While genetic changes occur naturally in our cells as we age – in most cases causing no harm – certain mutations can set a cell on the path to cancer. While genome sequencing has been used for many years to understand how cancer develops, it has never been accurate enough to detect new mutations in non-dividing cells – the large majority – until now.
The Wellcome Sanger study, partly funded by Cancer Research UK, showcases a new approach called nanorate sequencing (NanoSeq), that can uncover changes in the DNA of all human tissues with unprecedented accuracy.
The research has also opened up the possibility that cell division isn’t the main driving force behind genetic changes, as previously assumed.
The team originally set out to improve an advanced sequencing method called duplex sequencing, through which DNA is read multiple times to locate errors in the data.
When searching for mistakes in the data it became clear they were gathered at the ends of DNA fragments and had other features that suggested flaws in how the DNA was being prepared for sequencing.
Spanning four years, the research focused on enhancements and improving accuracy until fewer than five errors per billion letters of DNA was achieved.
Dr Robert Osborne, an alumnus of Wellcome Sanger Institute who led the work, said detecting mutations that were only present in one or a few cells was “incredibly technically challenging”. But because of Nano Seq’s vastly limited errors researchers are “now able to accurately study somatic mutations in any tissue.”
Taking advantage of the technique’s improved sensitivity, researchers were able to compare the rate and pattern of mutation in both stem cells and non-diving cells in multiple human tissue types, which led to an unexpected discovery.

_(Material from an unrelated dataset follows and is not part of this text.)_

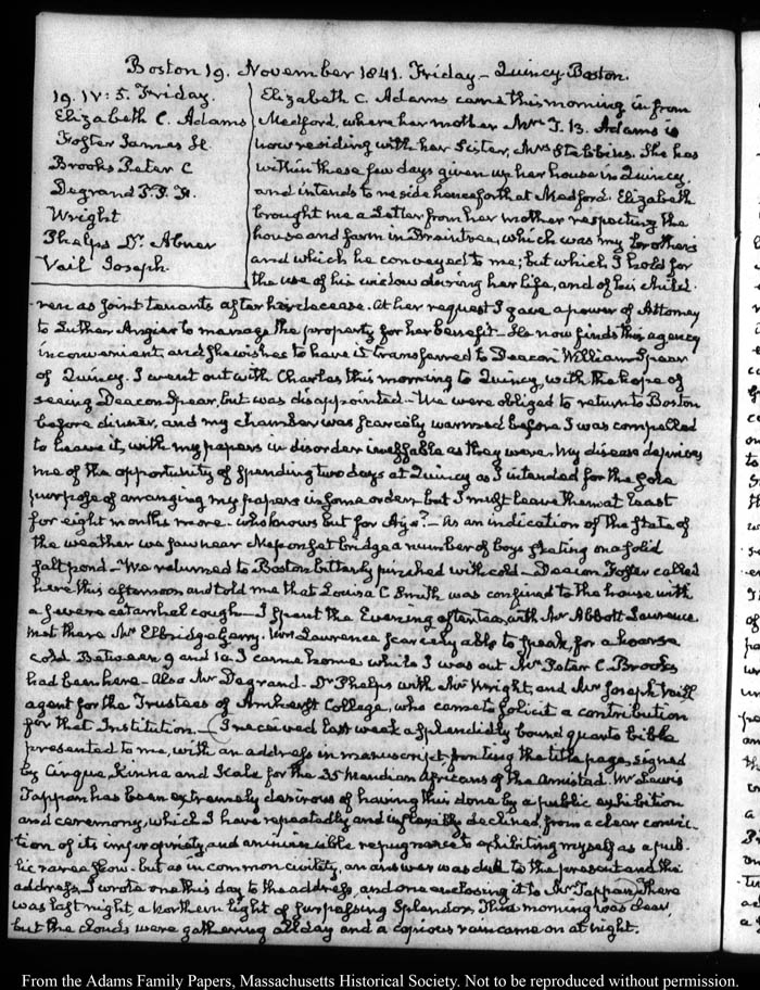 Boston. 19 November 1841. Friday - Quincy Boston.

Analysis of blood cells revealed a similar number of mutations in slowly dividing stem cells and a more rapidly dividing population called progenitor cells.

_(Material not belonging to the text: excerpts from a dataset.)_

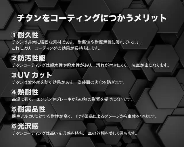 チタンコーティングは航空機や宇宙開発にも使われるほど強靭なため、汚れや傷から徹底的に車を保護します。
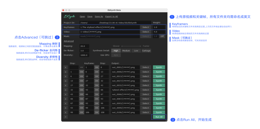 - 打开EbSynth本地应用,在关键帧之间补帧,最终得到了一堆补帧后生成的图片
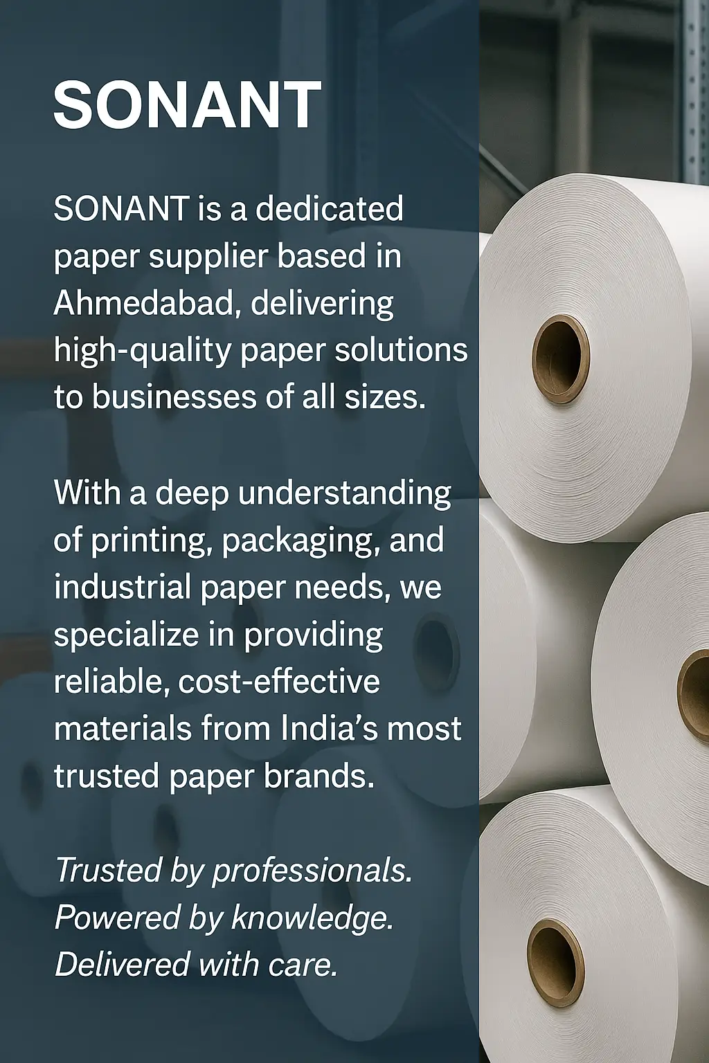 SONANT is a dedicated B2B paper supplier based in Ahmedabad, delivering high-quality paper solutions to businesses of all sizes. With a deep understanding of printing, packaging, and industrial paper requirements, we specialize in providing reliable, cost-effective materials sourced from India’s most trusted paper brands.

The same pattern was confirmed in analyses of non-dividing neurons and rarely-dividing cells from muscle, which revealed that changes accumulate throughout life in cells without cell division, and at a similar pace to cells in the blood.
It is hoped the NanoSeq method will enable scientists to study the effects of carcinogens like tobacco or sun exposure on healthy cells, as well as discover and understand new harmful substances that may cause cancer.
NanoSeq will also make it easier to take and test samples from people. Instead of taking intrusive biopsies of tissue, cells can be collected simply by scraping the skin or swabbing the throat.